[Provided records Boundary: Start]
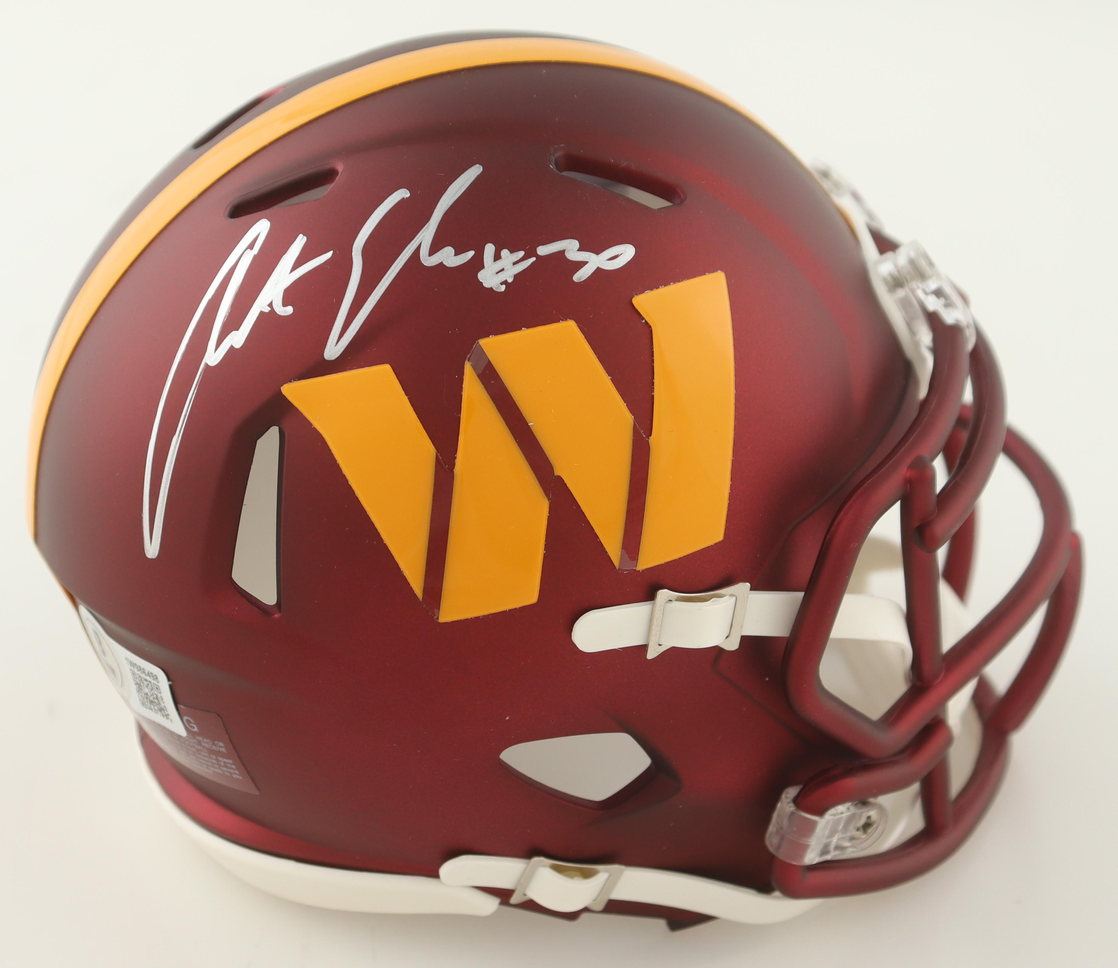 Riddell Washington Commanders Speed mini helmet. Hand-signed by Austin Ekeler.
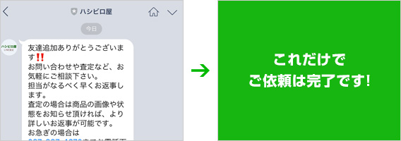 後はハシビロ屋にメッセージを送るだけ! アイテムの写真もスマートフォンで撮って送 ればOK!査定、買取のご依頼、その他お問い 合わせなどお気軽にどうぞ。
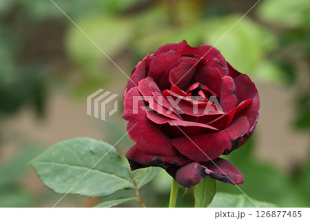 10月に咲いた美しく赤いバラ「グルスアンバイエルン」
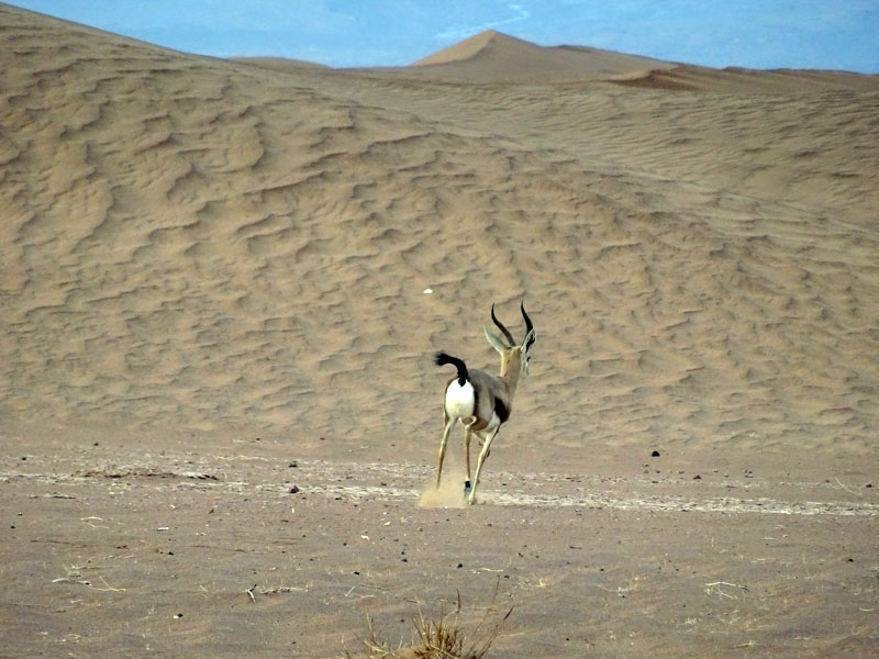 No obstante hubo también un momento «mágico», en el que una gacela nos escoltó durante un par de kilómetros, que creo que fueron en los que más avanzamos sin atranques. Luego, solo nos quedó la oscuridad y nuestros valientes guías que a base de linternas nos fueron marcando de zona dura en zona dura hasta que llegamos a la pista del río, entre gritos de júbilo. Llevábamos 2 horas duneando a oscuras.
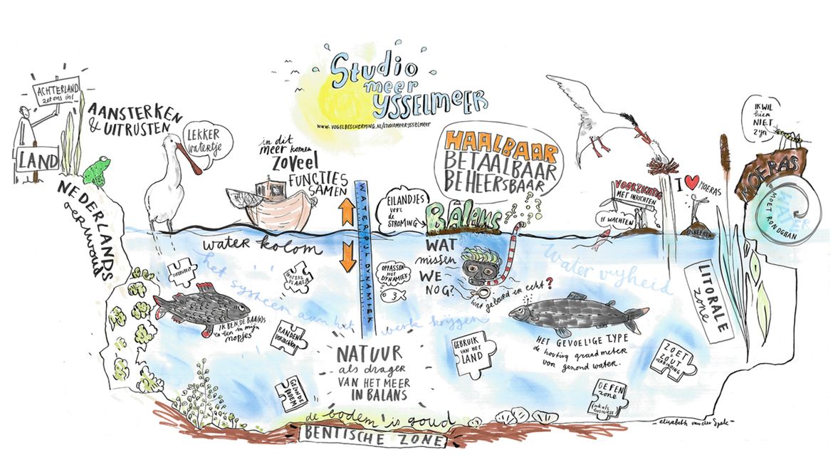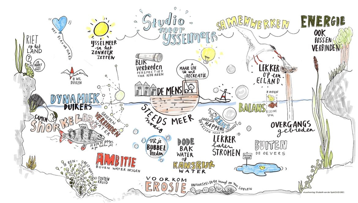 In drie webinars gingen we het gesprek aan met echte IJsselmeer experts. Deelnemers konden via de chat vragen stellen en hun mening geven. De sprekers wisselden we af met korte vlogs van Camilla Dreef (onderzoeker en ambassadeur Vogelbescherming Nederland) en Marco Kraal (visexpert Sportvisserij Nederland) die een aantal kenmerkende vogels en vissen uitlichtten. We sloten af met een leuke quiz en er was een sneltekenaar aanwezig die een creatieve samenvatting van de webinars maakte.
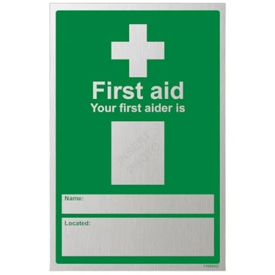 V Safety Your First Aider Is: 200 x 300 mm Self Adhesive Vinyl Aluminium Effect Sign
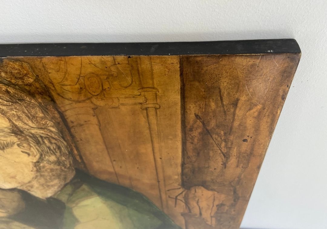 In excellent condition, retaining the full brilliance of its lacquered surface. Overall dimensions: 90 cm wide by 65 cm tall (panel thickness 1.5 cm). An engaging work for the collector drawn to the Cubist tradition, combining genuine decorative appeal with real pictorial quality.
[Provided records Boundary: End]
[Provided records Boundary: Start]
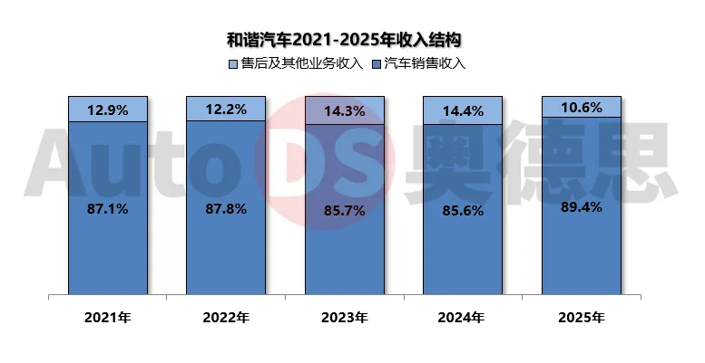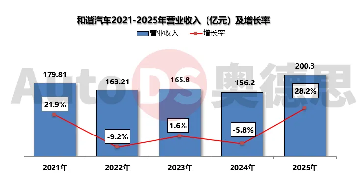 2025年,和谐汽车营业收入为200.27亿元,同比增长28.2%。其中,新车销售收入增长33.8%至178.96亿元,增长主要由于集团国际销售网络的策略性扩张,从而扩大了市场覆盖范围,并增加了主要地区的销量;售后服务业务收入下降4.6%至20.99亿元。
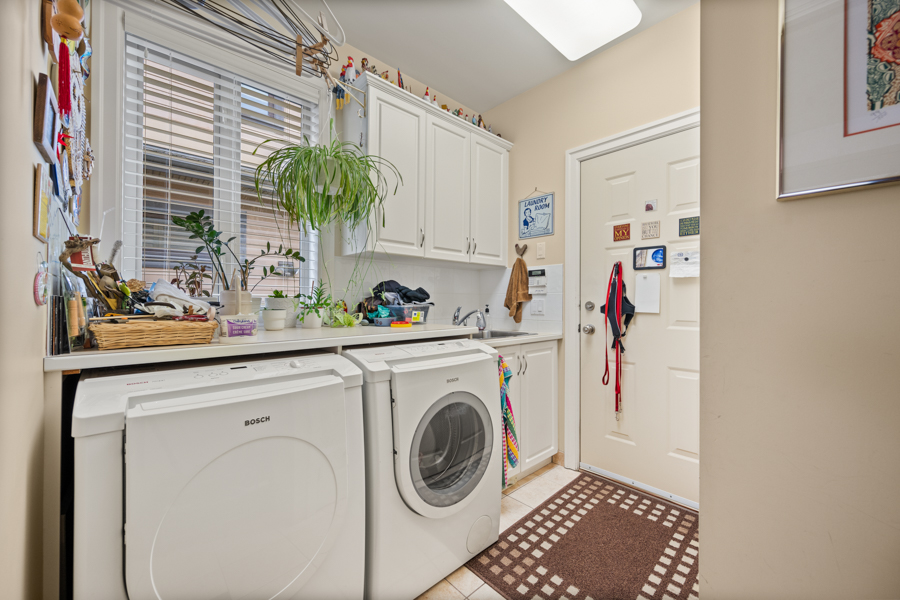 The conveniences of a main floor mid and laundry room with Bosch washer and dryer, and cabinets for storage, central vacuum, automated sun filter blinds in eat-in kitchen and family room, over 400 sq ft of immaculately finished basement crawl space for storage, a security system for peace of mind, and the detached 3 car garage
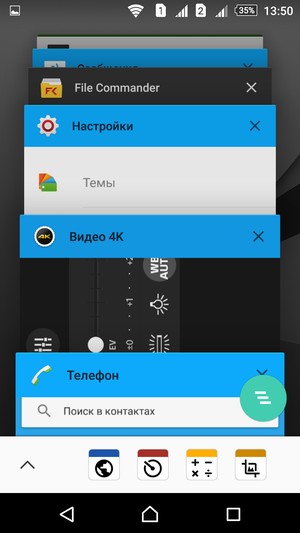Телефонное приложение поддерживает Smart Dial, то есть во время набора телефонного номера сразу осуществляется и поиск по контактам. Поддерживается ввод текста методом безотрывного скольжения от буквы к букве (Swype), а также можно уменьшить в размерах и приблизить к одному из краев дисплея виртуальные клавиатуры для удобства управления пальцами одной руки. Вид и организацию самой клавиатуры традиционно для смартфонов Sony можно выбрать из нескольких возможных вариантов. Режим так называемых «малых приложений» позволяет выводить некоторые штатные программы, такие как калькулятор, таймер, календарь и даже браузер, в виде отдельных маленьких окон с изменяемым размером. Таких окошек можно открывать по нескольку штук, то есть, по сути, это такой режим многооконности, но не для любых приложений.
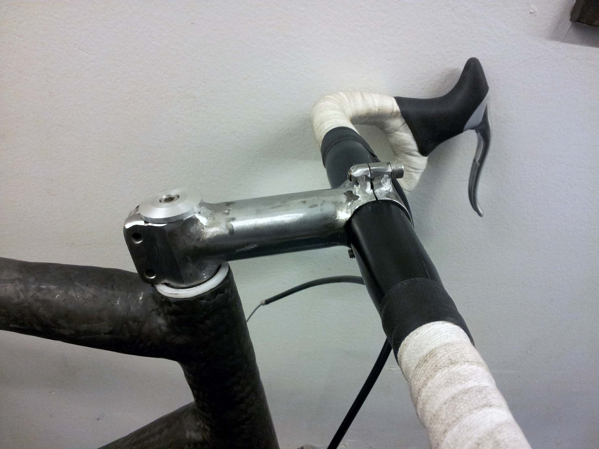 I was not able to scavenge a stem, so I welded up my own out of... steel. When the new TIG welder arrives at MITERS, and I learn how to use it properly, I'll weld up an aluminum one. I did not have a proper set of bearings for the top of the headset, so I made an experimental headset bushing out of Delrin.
[Provided records Boundary: End]
[Provided records Boundary: Start]
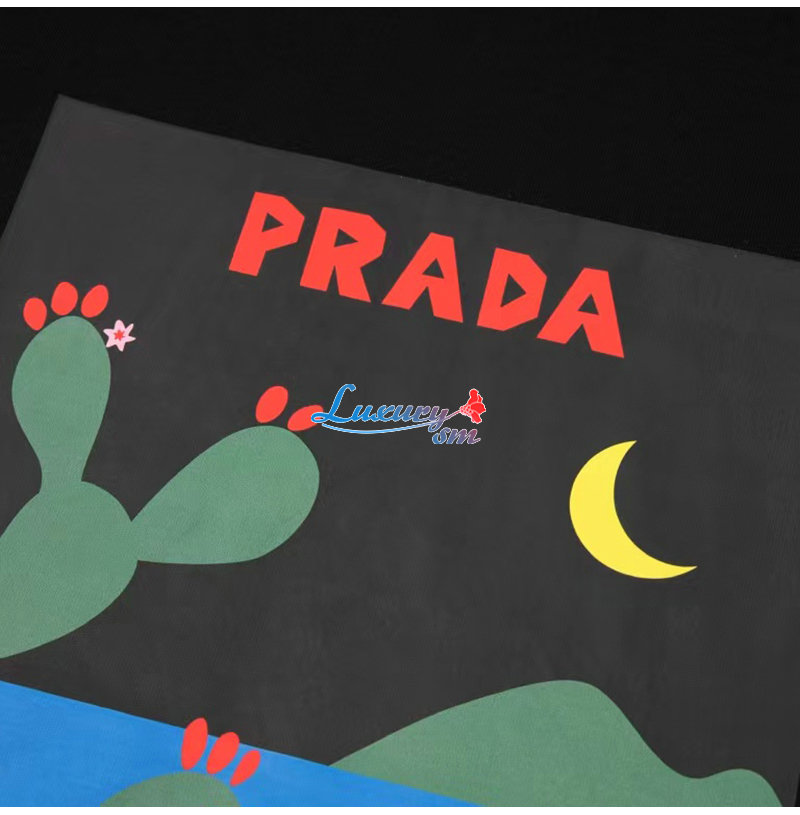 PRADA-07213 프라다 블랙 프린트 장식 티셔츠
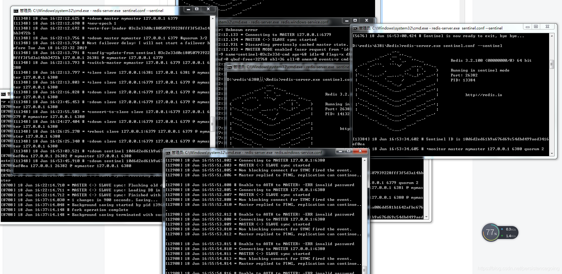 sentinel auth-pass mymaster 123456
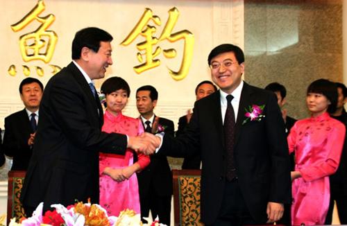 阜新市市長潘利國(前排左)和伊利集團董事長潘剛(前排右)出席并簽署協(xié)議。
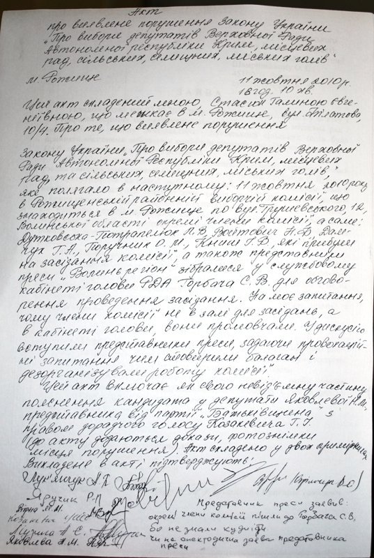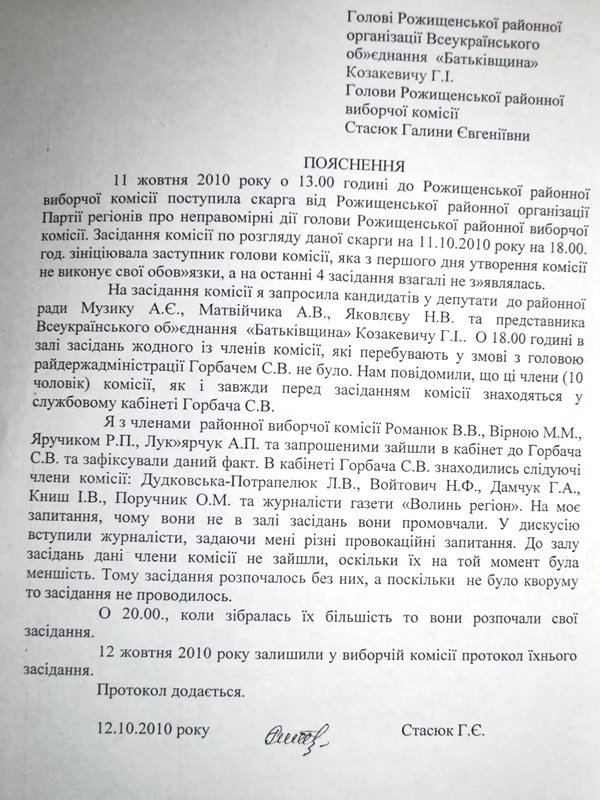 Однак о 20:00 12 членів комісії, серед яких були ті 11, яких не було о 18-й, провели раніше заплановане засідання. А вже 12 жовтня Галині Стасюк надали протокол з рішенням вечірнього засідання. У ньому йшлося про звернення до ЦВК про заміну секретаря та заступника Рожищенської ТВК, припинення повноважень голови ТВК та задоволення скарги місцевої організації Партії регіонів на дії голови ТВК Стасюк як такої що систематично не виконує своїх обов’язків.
[Provided records Boundary: End]
What's needed is an exact copy of the records above from the line containing "10月に咲いた美しく赤いバラ「グルスアンバイエルン」" down to the line containing "No obstante hubo", both included, without any pictures.

- **Answer space**:
 10月に咲いた美しく赤いバラ「グルスアンバイエルン」
 No obstante hubo también un momento «mágico», en el que una gacela nos escoltó durante un par de kilómetros, que creo que fueron en los que más avanzamos sin atranques. Luego, solo nos quedó la oscuridad y nuestros valientes guías que a base de linternas nos fueron marcando de zona dura en zona dura hasta que llegamos a la pista del río, entre gritos de júbilo. Llevábamos 2 horas duneando a oscuras.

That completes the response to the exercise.